**RECORDS TO USE**

+ + + + +

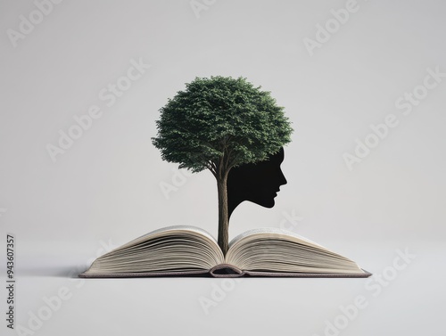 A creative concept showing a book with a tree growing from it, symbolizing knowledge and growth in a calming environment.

+ + + + +

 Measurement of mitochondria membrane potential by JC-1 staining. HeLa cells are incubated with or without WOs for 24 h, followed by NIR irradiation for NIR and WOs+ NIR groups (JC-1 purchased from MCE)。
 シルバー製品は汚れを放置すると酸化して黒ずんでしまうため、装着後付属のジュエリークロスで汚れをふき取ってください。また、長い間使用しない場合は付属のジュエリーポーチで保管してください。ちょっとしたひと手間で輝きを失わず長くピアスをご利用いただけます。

+ + + + +

**EXERCISE DIRECTIONS**
Reproduce exactly the lines above from the line with "Measurement of mitochondria" to the line with "シルバー製品は汚れを放置する", including both, and add nothing.

**RESPONSE TO THE TASK**
 Measurement of mitochondria membrane potential by JC-1 staining. HeLa cells are incubated with or without WOs for 24 h, followed by NIR irradiation for NIR and WOs+ NIR groups (JC-1 purchased from MCE)。
 シルバー製品は汚れを放置すると酸化して黒ずんでしまうため、装着後付属のジュエリークロスで汚れをふき取ってください。また、長い間使用しない場合は付属のジュエリーポーチで保管してください。ちょっとしたひと手間で輝きを失わず長くピアスをご利用いただけます。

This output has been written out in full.